::: SOURCE MATERIAL

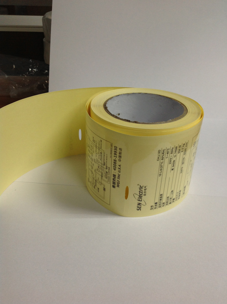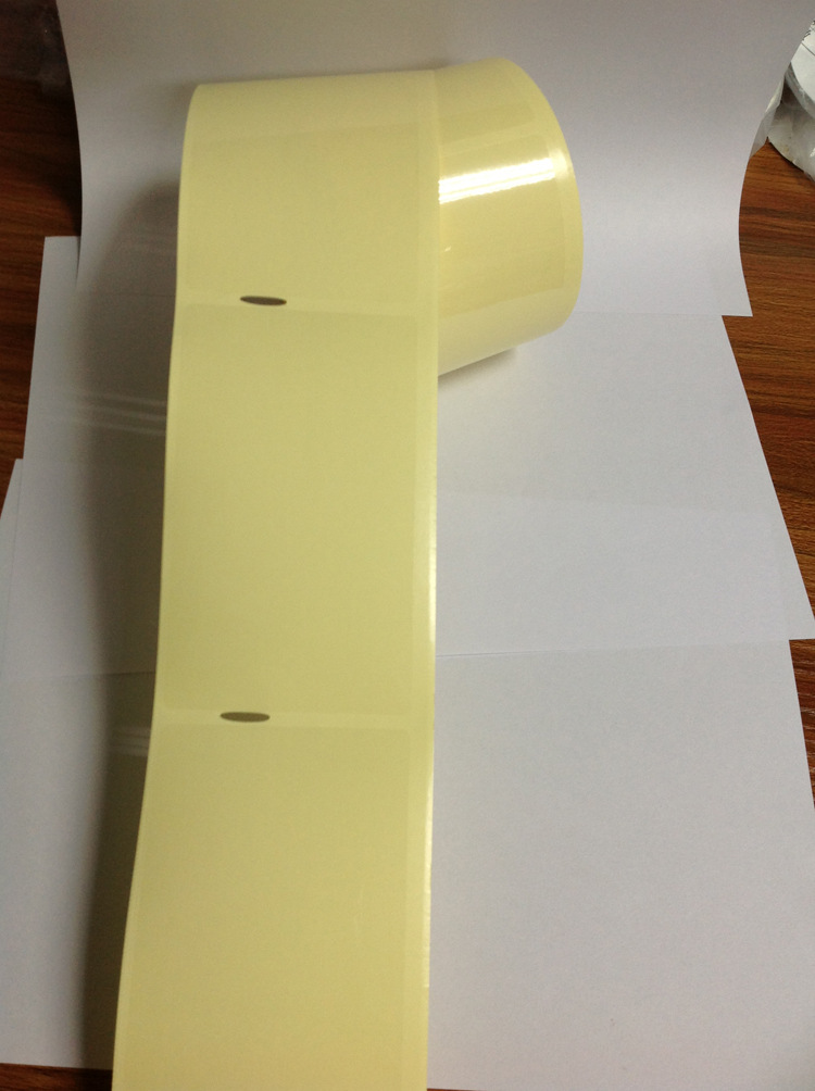 基材:25um(或50um)涂層處理聚酞亞胺薄膜,未經(jīng)涂層處理的聚酞亞胺不能滿足性能要求、涂層處理能更加地滿足工藝上所需的打印條碼性以及對(duì)材料顏色與光澤度的要求。
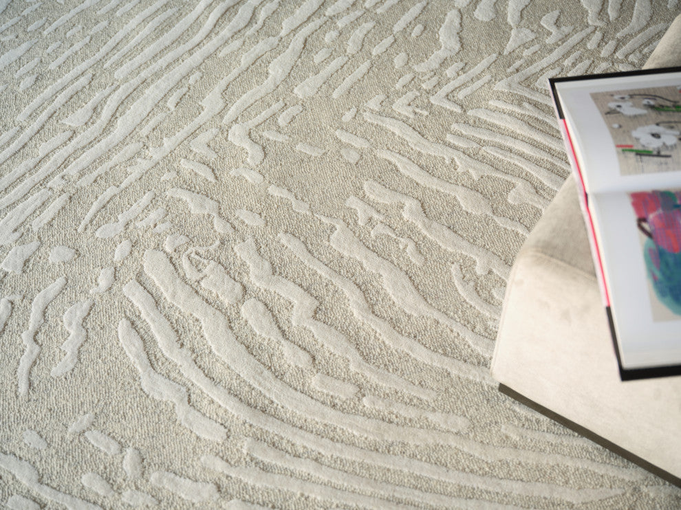 The large patterns feature the use of 100% Wool Fiber. A combination of cut and loop pile, in tone-on-tone colors compliment the large-scale patterns. In addition to its visual appeal and softness a wool rug is a great choice for durability and sophistication of this group for years to come.
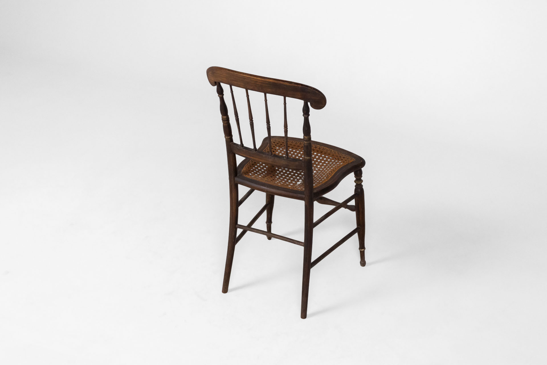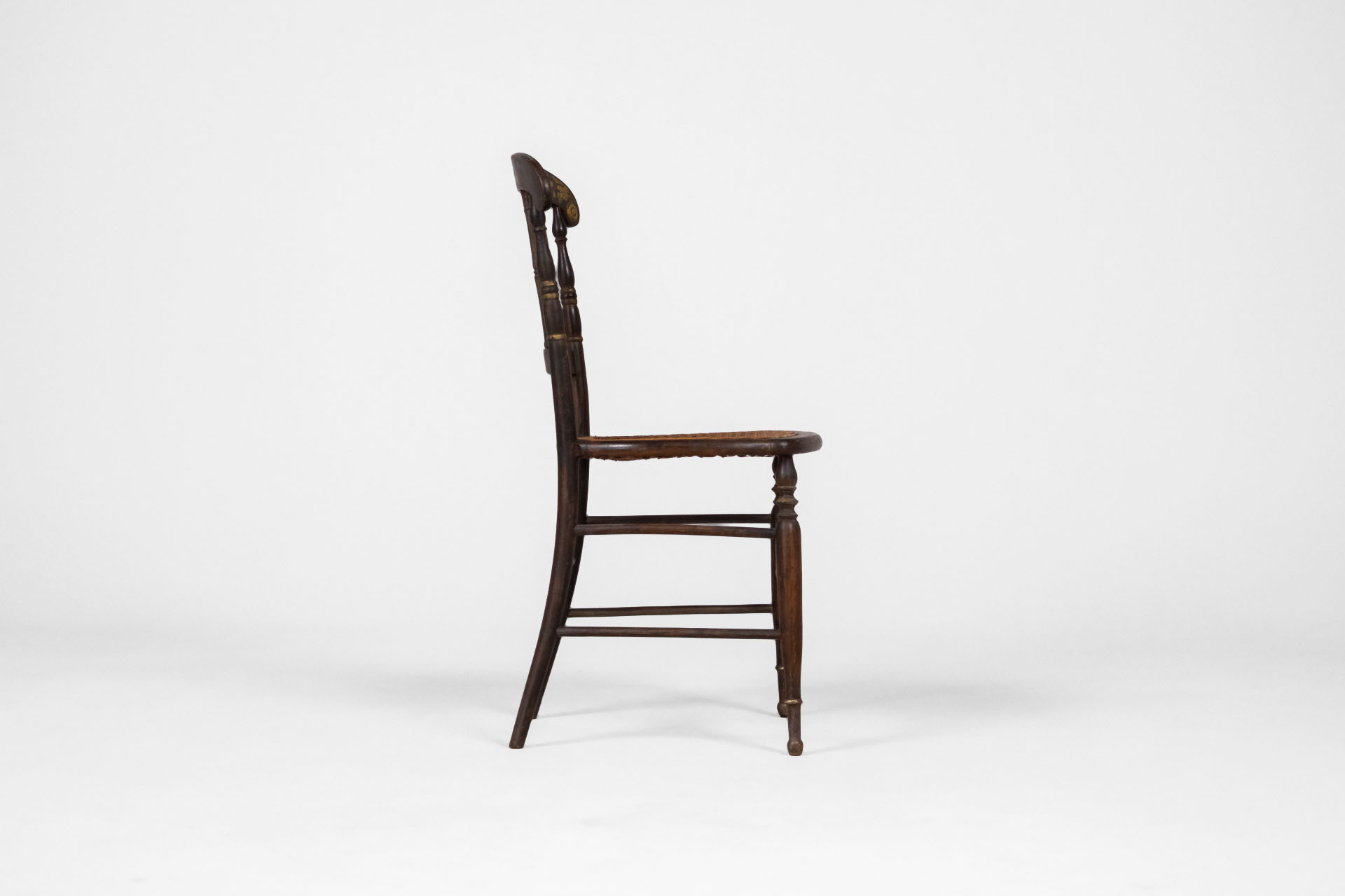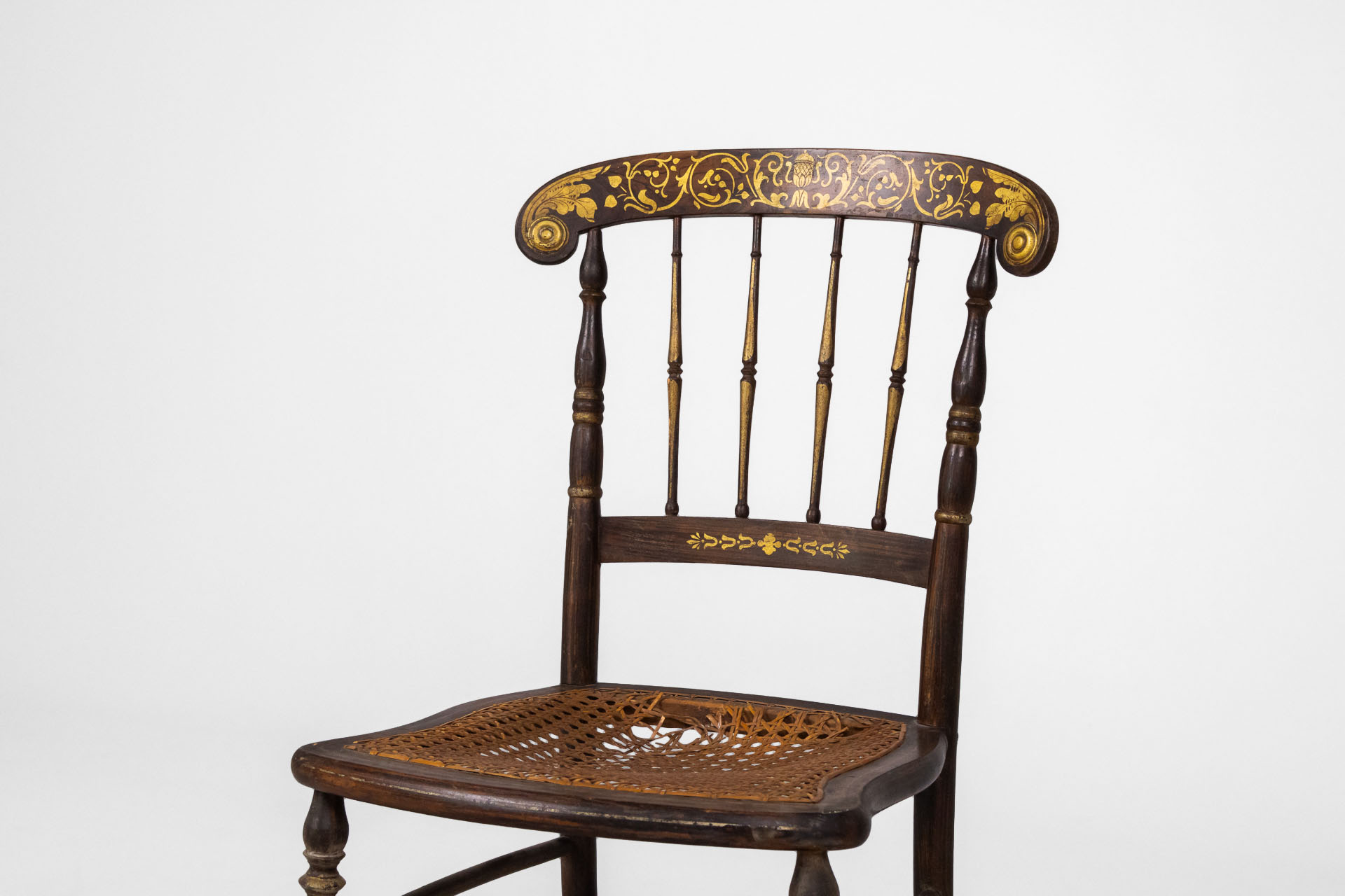 Elegáns, antik stílusú szék, amely fonott ülőrésszel és díszes háttámlával rendelkezik. A sötétbarna faanyag és a finom aranyozott díszítések időtlen megjelenést kölcsönöznek, ideális választás vintage enteriőrökbe
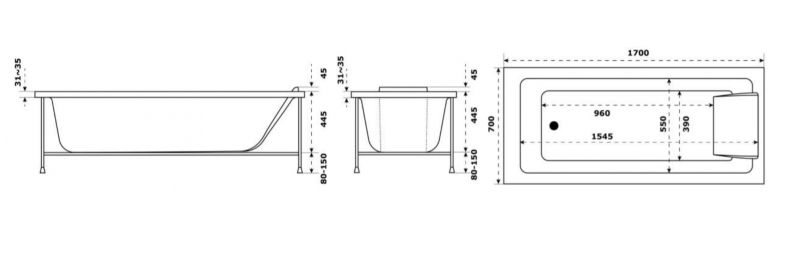 Смягченные углы с внутренней стороны чаши ванны облегчают уход.РАЗМЕРЫ :170 x 70 x 44,50 см
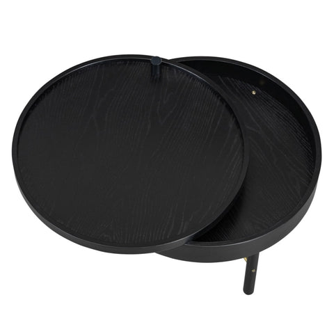 Modern Round Wood Rotating Tray Coffee Table with Storage & Metal Legs in Black
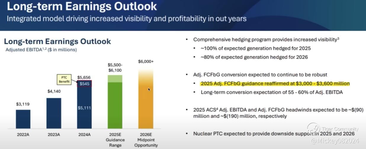 Vistra's long-term earnings outlook has significantly improved, with EBITDA rising from approximately $3 billion in 2022 to a projected $6 billion+ by 2026. A large portion of this is expected to convert into free cash flow, estimated between $3 billion and $3.6 billion annually.
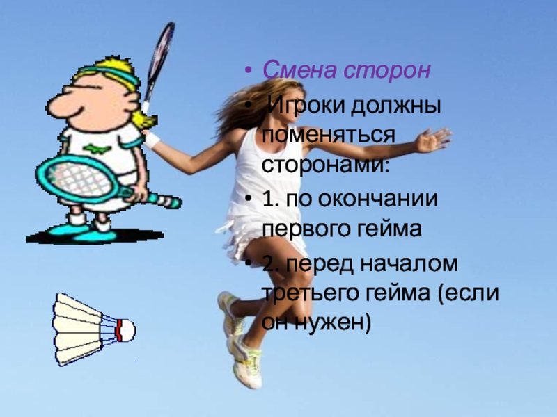 Смена сторон Игроки должны поменяться сторонами: 1. по окончании первого гейма 2. перед началом третьего гейма (если
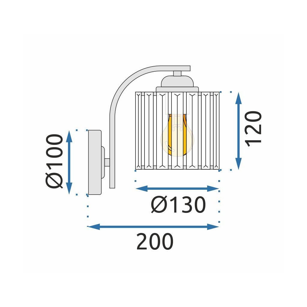 Lampa je vyrobena z křišťálového skla a kovu – spolu s mřížkou. Nástěnná lampa má závit E27, maximální výkon žárovky je 60W.
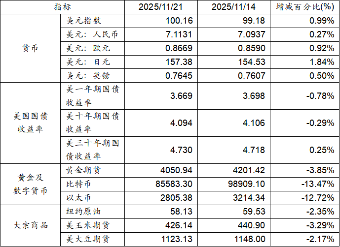 11月14日至11月21日,美元指数上涨0.99%,美元兑人民币汇率上涨0.27%。美国一年期及十年期国债收益率下跌,而三十年期国债收益率呈现上涨态势。黄金期货价格下跌3.85%。比特币下跌13.47%。以太币下跌12.72%。大宗商品中纽约原油、玉米期货及大豆期货价格均呈现下跌态势。

::::::

EXERCISE:
Each entry above should be printed again word for word, with any picture dropped.

RESPONSE BELOW:
 基材:25um(或50um)涂層處理聚酞亞胺薄膜,未經(jīng)涂層處理的聚酞亞胺不能滿足性能要求、涂層處理能更加地滿足工藝上所需的打印條碼性以及對(duì)材料顏色與光澤度的要求。
 The large patterns feature the use of 100% Wool Fiber. A combination of cut and loop pile, in tone-on-tone colors compliment the large-scale patterns. In addition to its visual appeal and softness a wool rug is a great choice for durability and sophistication of this group for years to come.
 Elegáns, antik stílusú szék, amely fonott ülőrésszel és díszes háttámlával rendelkezik. A sötétbarna faanyag és a finom aranyozott díszítések időtlen megjelenést kölcsönöznek, ideális választás vintage enteriőrökbe
 Смягченные углы с внутренней стороны чаши ванны облегчают уход.РАЗМЕРЫ :170 x 70 x 44,50 см
 Modern Round Wood Rotating Tray Coffee Table with Storage & Metal Legs in Black
 Vistra's long-term earnings outlook has significantly improved, with EBITDA rising from approximately $3 billion in 2022 to a projected $6 billion+ by 2026. A large portion of this is expected to convert into free cash flow, estimated between $3 billion and $3.6 billion annually.
 Смена сторон Игроки должны поменяться сторонами: 1. по окончании первого гейма 2. перед началом третьего гейма (если
 Lampa je vyrobena z křišťálového skla a kovu – spolu s mřížkou. Nástěnná lampa má závit E27, maximální výkon žárovky je 60W.
 11月14日至11月21日,美元指数上涨0.99%,美元兑人民币汇率上涨0.27%。美国一年期及十年期国债收益率下跌,而三十年期国债收益率呈现上涨态势。黄金期货价格下跌3.85%。比特币下跌13.47%。以太币下跌12.72%。大宗商品中纽约原油、玉米期货及大豆期货价格均呈现下跌态势。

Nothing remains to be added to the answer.